Hosea 4:6, "My people are destroyed from lack of knowledge."
Rather than taking risks in areas where it could do the culture good, the push is toward willful rejection of the familial, political and cultural structures that have been built over the course of 2000 years. Without a comprehensive understanding of why those systems, values, mores and methods were constructed in the first place, this course is not only stupid, but far more dangerous to the culture than the sorts of risks human beings used to take all the time, risks which governments so thoroughly strive to protect us from now. Casting off social restraint, tearing down the old ways and replacing them with disastrous new ones will make a society incapable of innovation and advancement. Few kids from broken homes or raised by almost exclusively by women alone become the sort of adults who generate innovation, scientific advancement and exploration. They have to spend their lives sorting through the basics of living--if they get that far. Reflecting the rebellious, underlying attitude all people gravitate toward, government breaks its own laws on a daily basis and practice arbitrary law enforcement according to some bureaucrat's whim further punishing innovators and risk takers. And, because so many of the people who are making the most noise, or rather, listened to so thoroughly by the press (and this shows the wisdom of the press), lack wisdom, they are inviting destruction upon themselves and the rest of us if we can't stop the slide into dependency, ignorance and poverty.

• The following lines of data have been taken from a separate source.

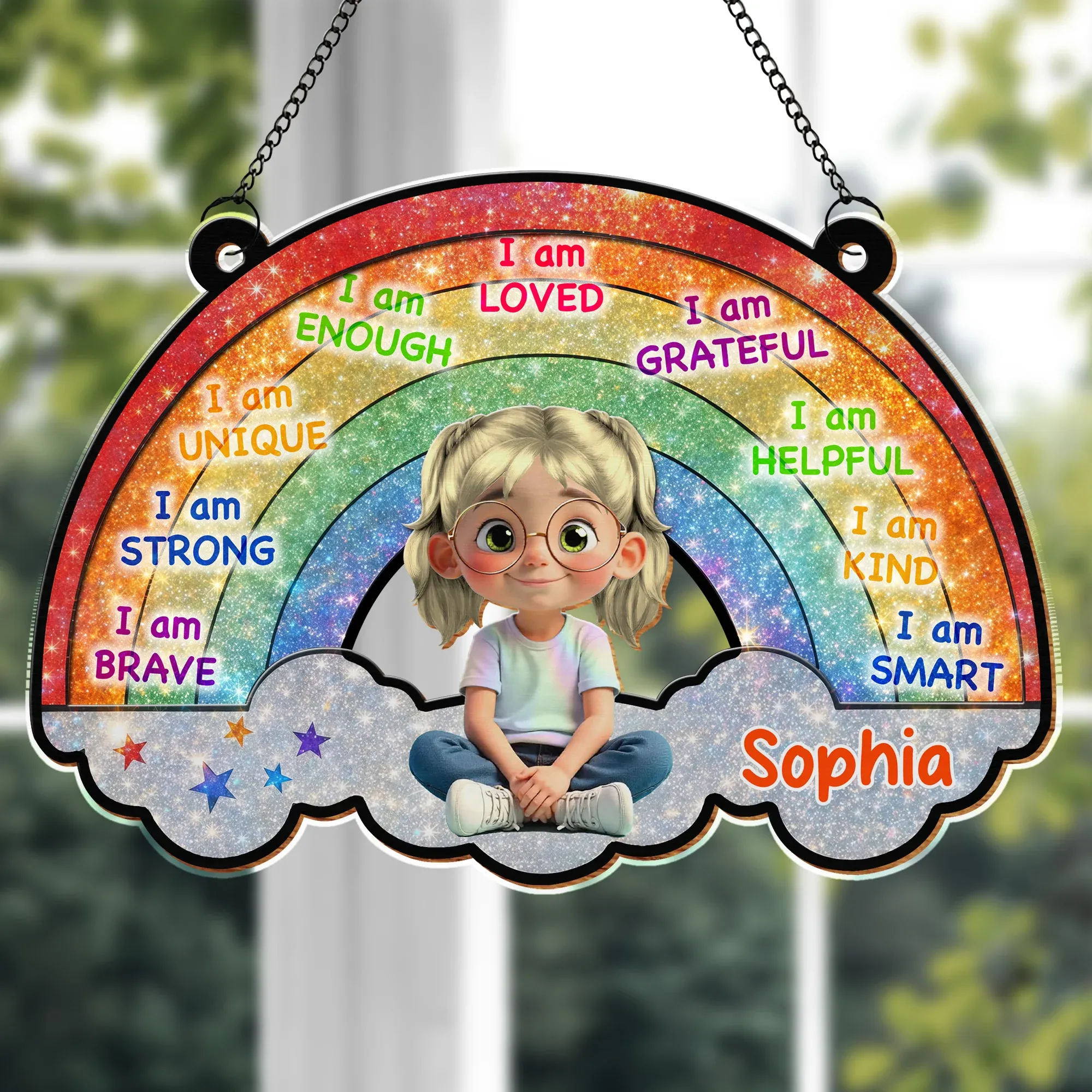 Personalized Rainbow Affirmations Suncatcher | Custom Name & Cartoon Kid Positive Affirmation Keepsake
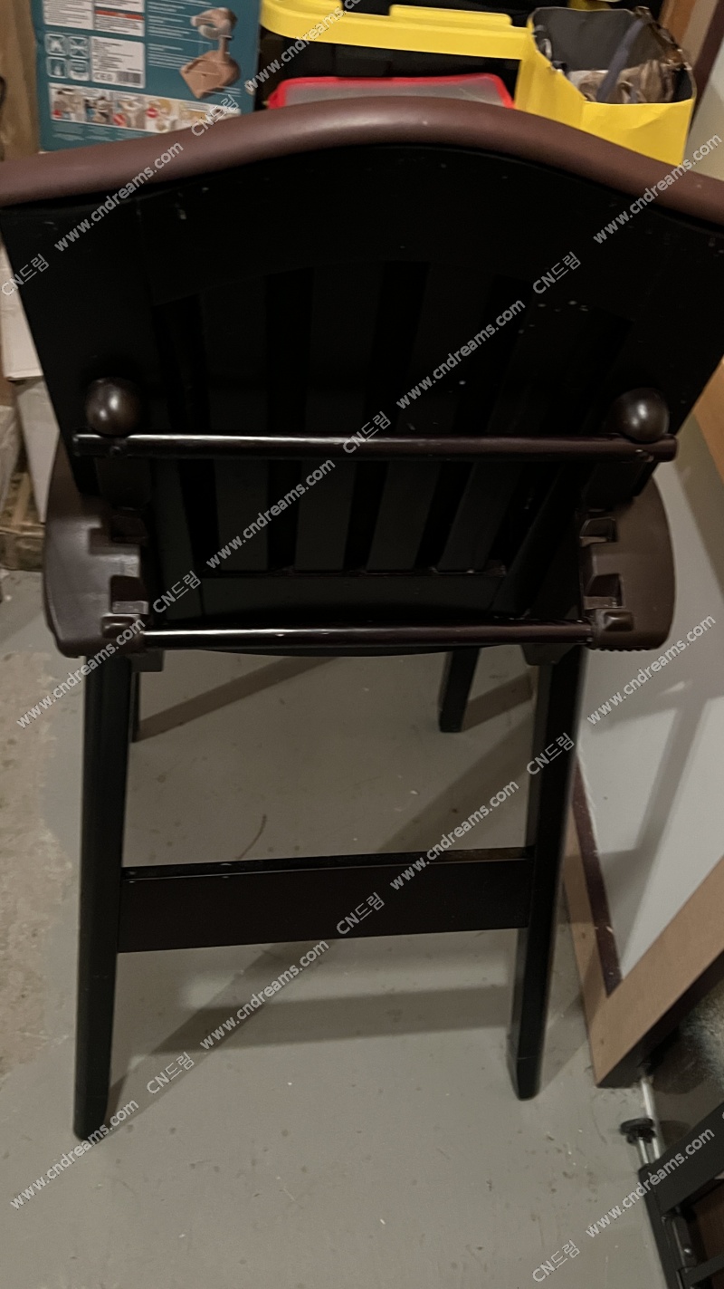 나무 하이체어입니다. 다른 의자들이랑 어울려서 이질감없이 잘 썼어요. 십불에 팔께요.
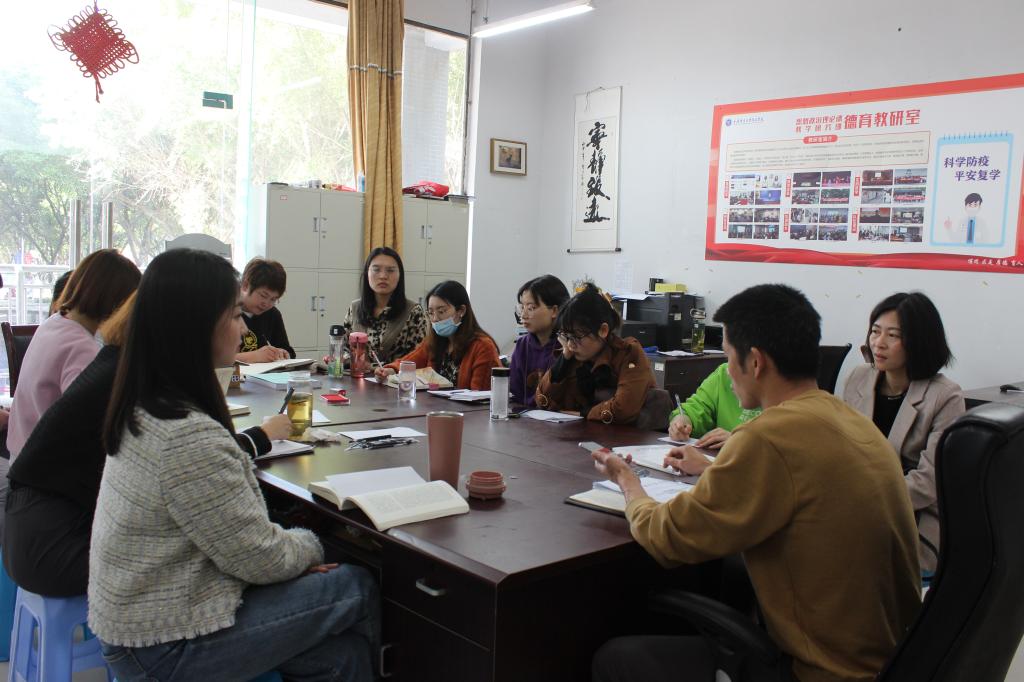 为积极响应学校教育思想大讨论工作,思政教学部专门组织全体教师学习文件,认真领会,积极推进教育思想大讨论工作实施。在部门推进会的基础上,4月20日下午16时,德育教研室召开教育思想大讨论工作部署会,进一步安排部署了具体工作,细化到每一个人,从而保证各项工作真正落实并取得实效。会议由德育教研室主任杨勇主持,德育教研室全体教师参加。
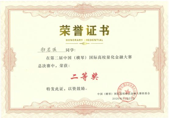 中国(横琴)国际高校量化金融大赛由横琴新区金融服务局、北京大学深圳研究院、清华大学深圳研究生院、中国金融风险量化研究协同创新中心联合主办,是国内唯一的国际化高校量化投资竞赛交流平台。首届比赛有98所高校、360个队伍参赛,永利官网王子通团队荣获决赛三等奖。
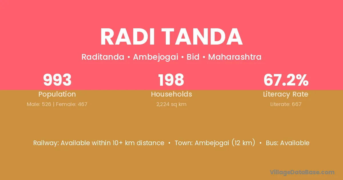 Ambejogai (12 km) is the nearest town to Radi Tanda village for major economic activities and is located approximately 12 km away.
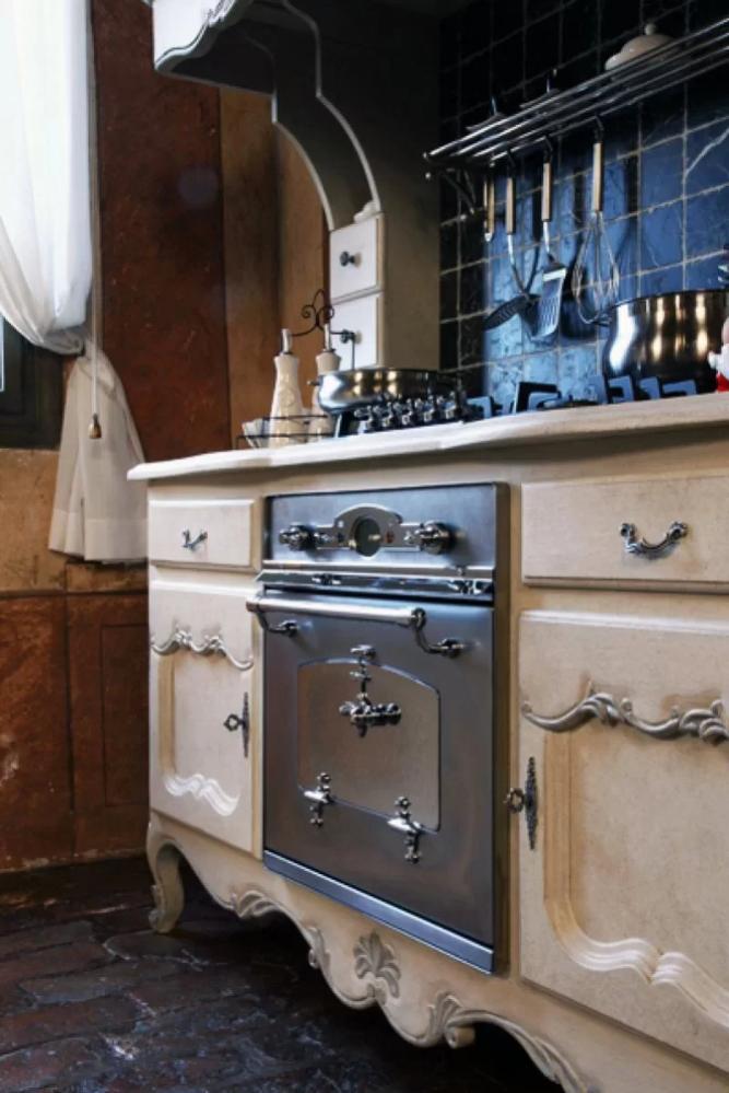 Оригинально и эффектно выглядит фурнитура цвета черненого серебра, которое также называется состаренным. Но особенно привлекательно и стильно смотрится фурнитура духовок в стиле кантри, ампир или классическом: она включает переключатели, декоративные элементы и ручки-рейлинги из латуни, бронзы и различных сплавов золотистого или медного оттенка.

The spaceport in New Mexico is a step forward even in the midst of this era of whining, diapered babies. Someone had vision--Governor Richardson and Richard Branson and Burt Rutan and all those who've played a role in this adventure into space. This effort sends a huge message of hope which the press in their typically near-sighted way has largely overlooked. Diapered, whining babies have no big dreams, they have no grand vision. Their dreams are small and their vision is petty. The main things they seem to want are student loan forgiveness, expanded welfare, more months of unemployment, free healthcare and the collapse of capitalism, though they actually have no idea what results that collapse would entail for persons like themselves who don't know how to work, don't know how to farm and have no useful skills. Small dreams lead to small accomplishments, they can do nothing more.
Chaos seems to loom on the horizon. But in the midst of chaos is also great opportunity, therefore, anyone who has a great vision and big dreams may have to be more creative, but the chance for huge achievement is available. The spaceport and the sub-orbital ships that will be launched there are steps in that direction.